Collection entries
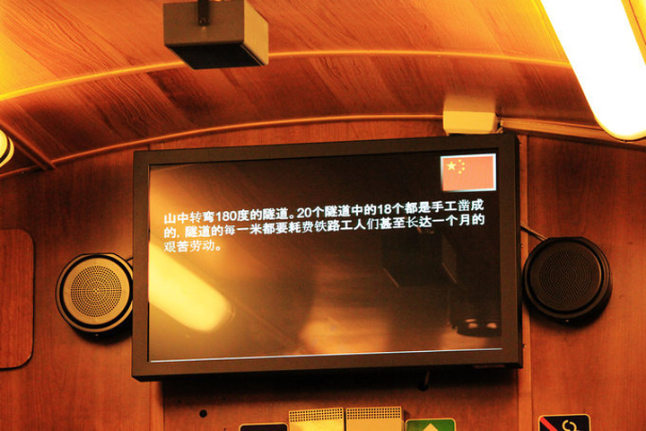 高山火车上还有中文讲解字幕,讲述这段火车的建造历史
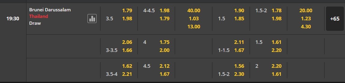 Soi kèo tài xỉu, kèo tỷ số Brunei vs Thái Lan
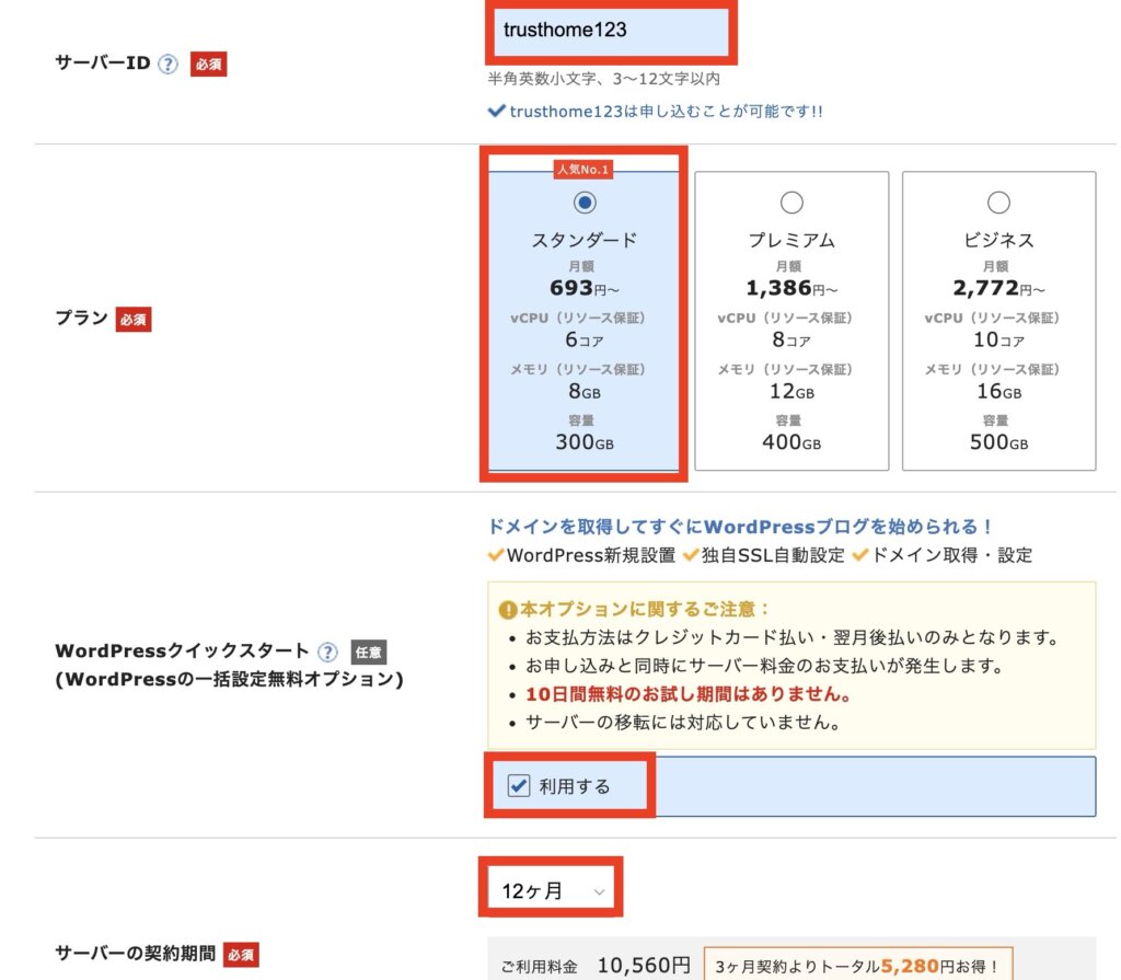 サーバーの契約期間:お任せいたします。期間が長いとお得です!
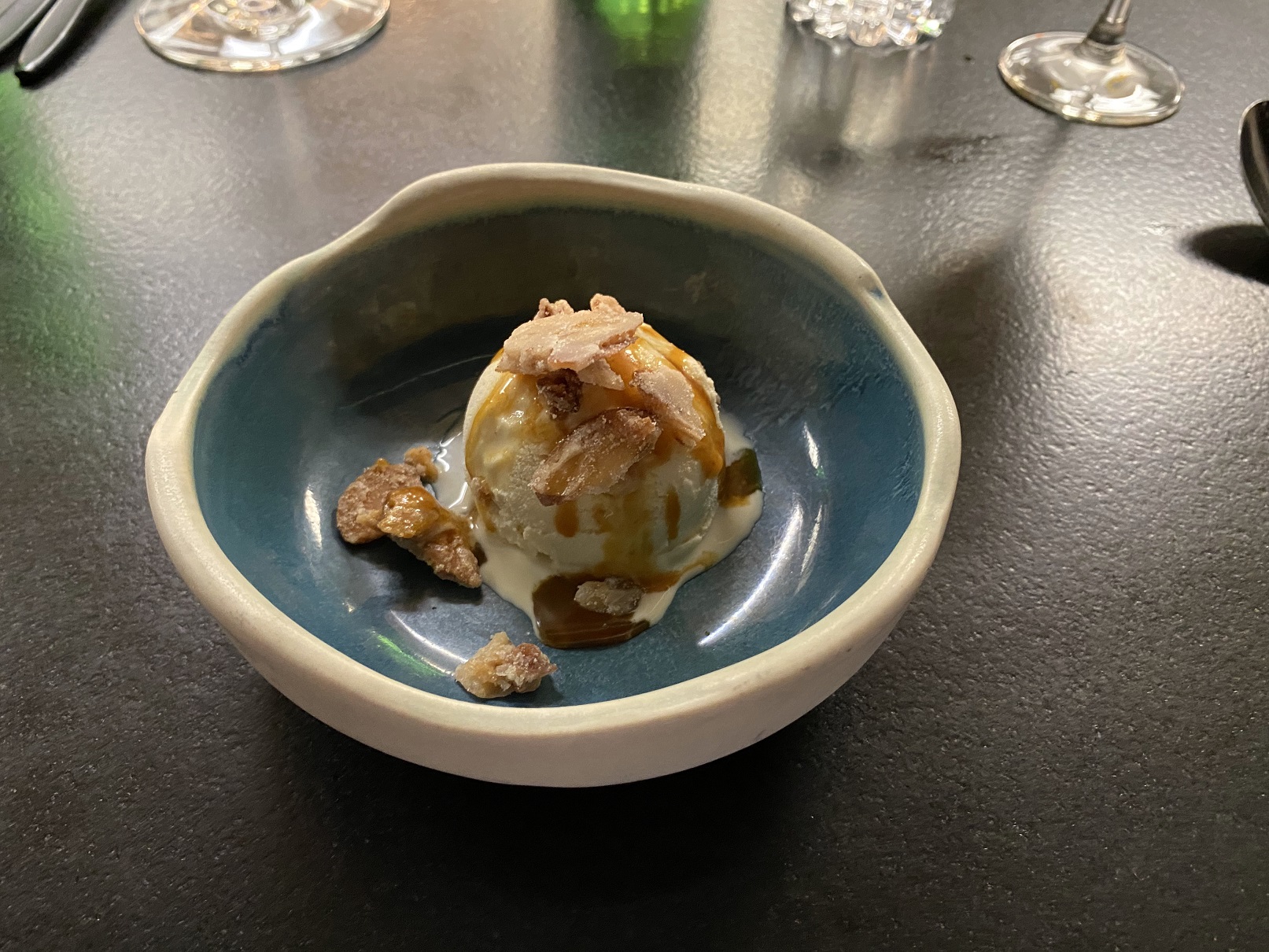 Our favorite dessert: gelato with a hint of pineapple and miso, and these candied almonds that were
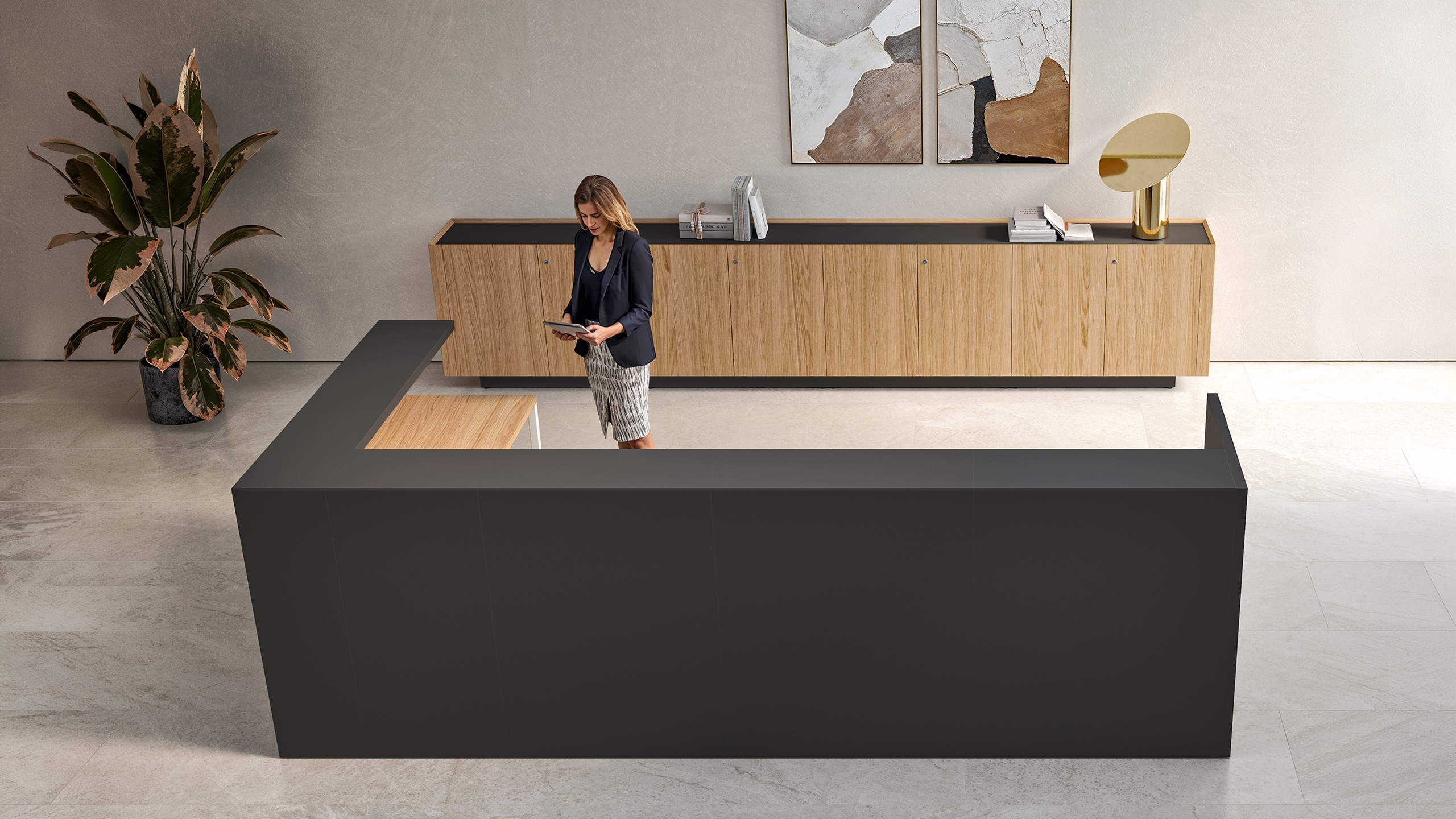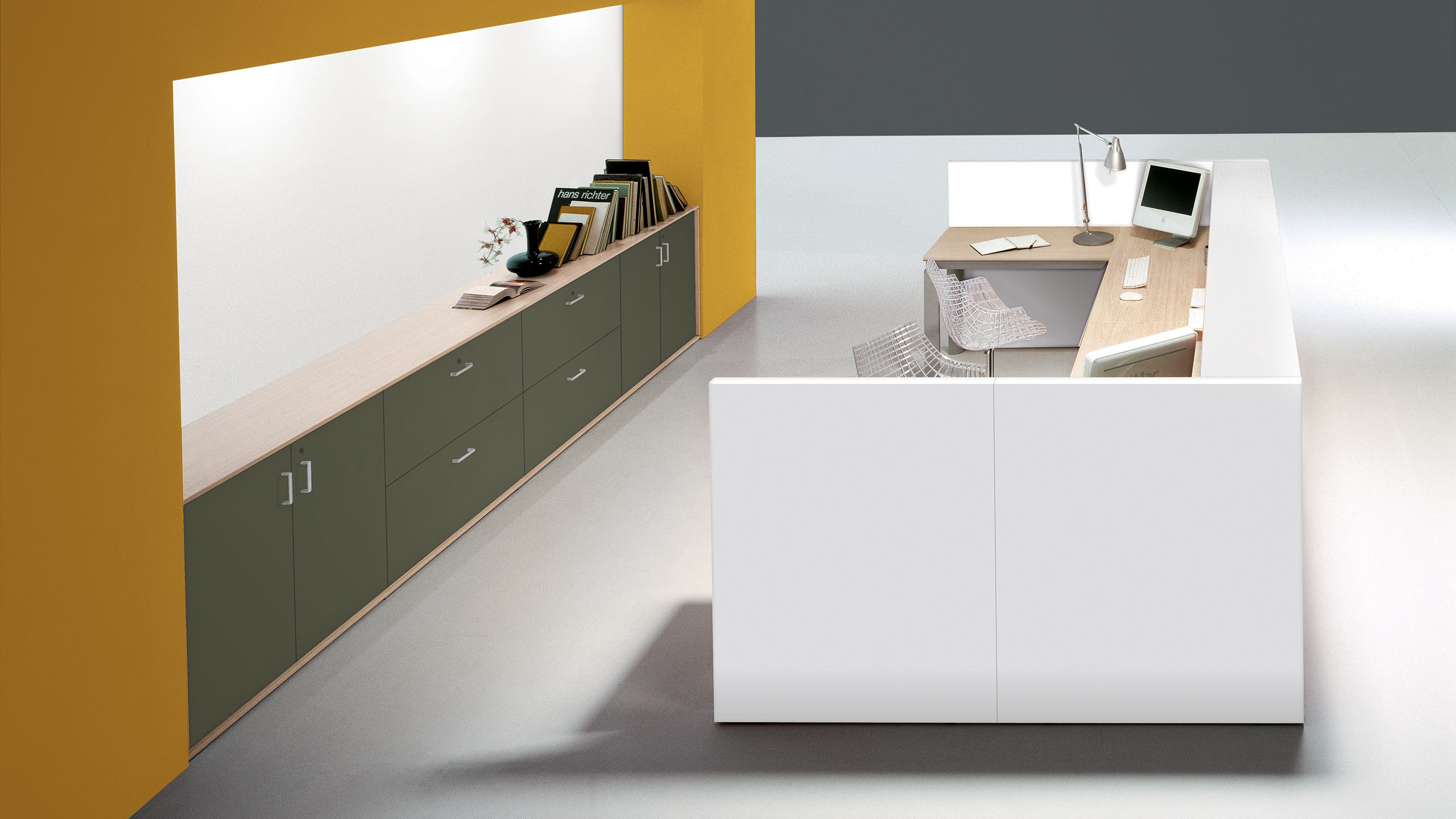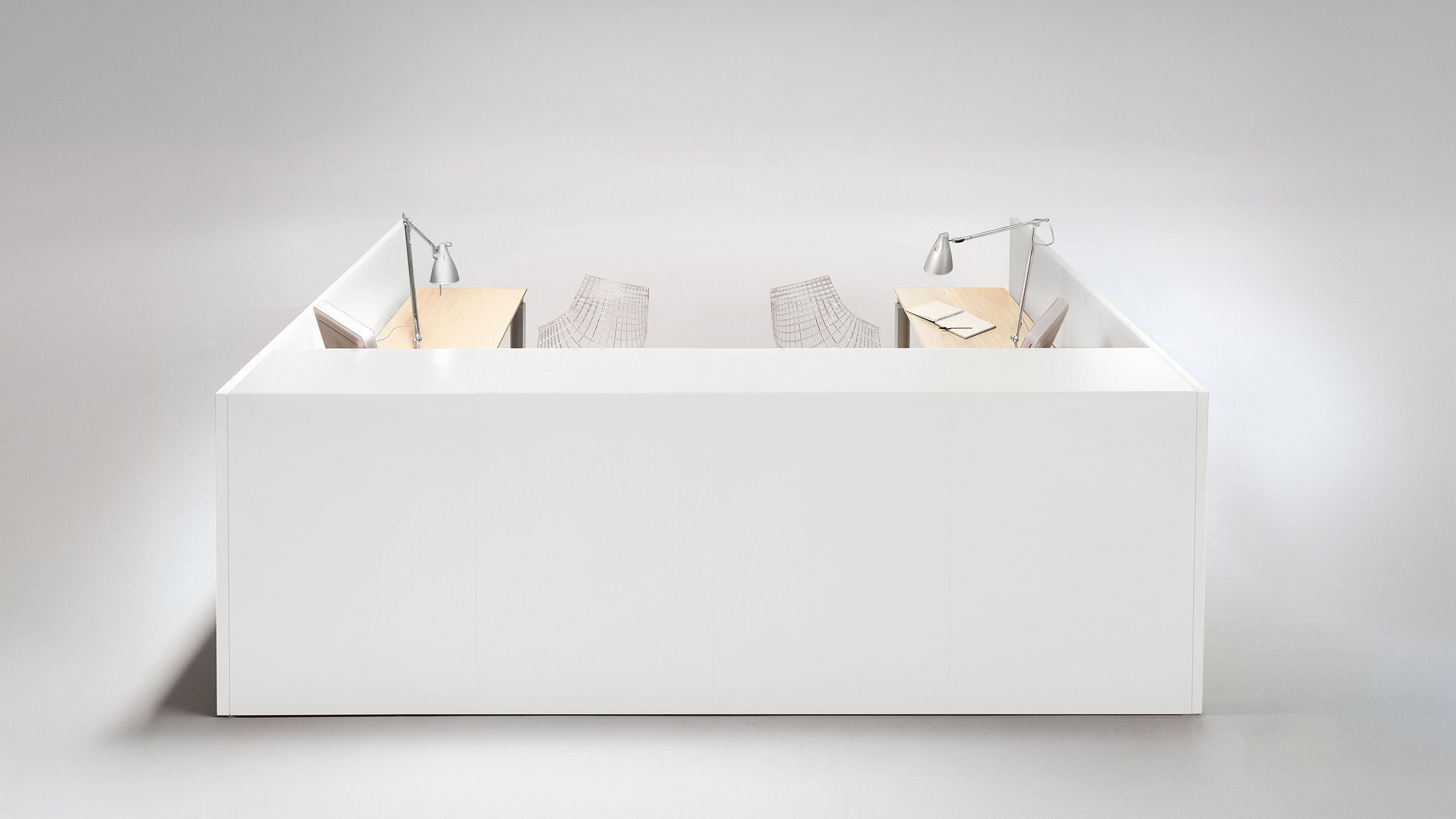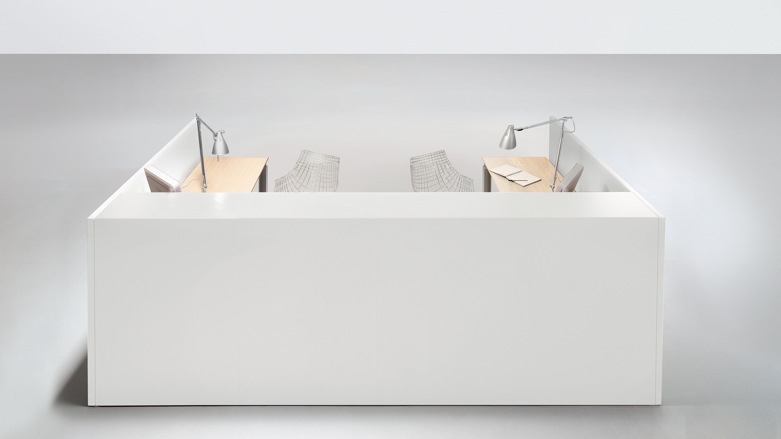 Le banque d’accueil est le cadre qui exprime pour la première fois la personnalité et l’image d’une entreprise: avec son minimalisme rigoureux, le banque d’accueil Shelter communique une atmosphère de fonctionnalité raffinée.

— TASK GOAL —
Write out exactly the lines from the one containing "Soi kèo tài" through the last line of the records above, both ends included, and leave out any pictures.

— REPLY TO THE EXERCISE —
 Soi kèo tài xỉu, kèo tỷ số Brunei vs Thái Lan
 サーバーの契約期間:お任せいたします。期間が長いとお得です!
 Our favorite dessert: gelato with a hint of pineapple and miso, and these candied almonds that were
 Le banque d’accueil est le cadre qui exprime pour la première fois la personnalité et l’image d’une entreprise: avec son minimalisme rigoureux, le banque d’accueil Shelter communique une atmosphère de fonctionnalité raffinée.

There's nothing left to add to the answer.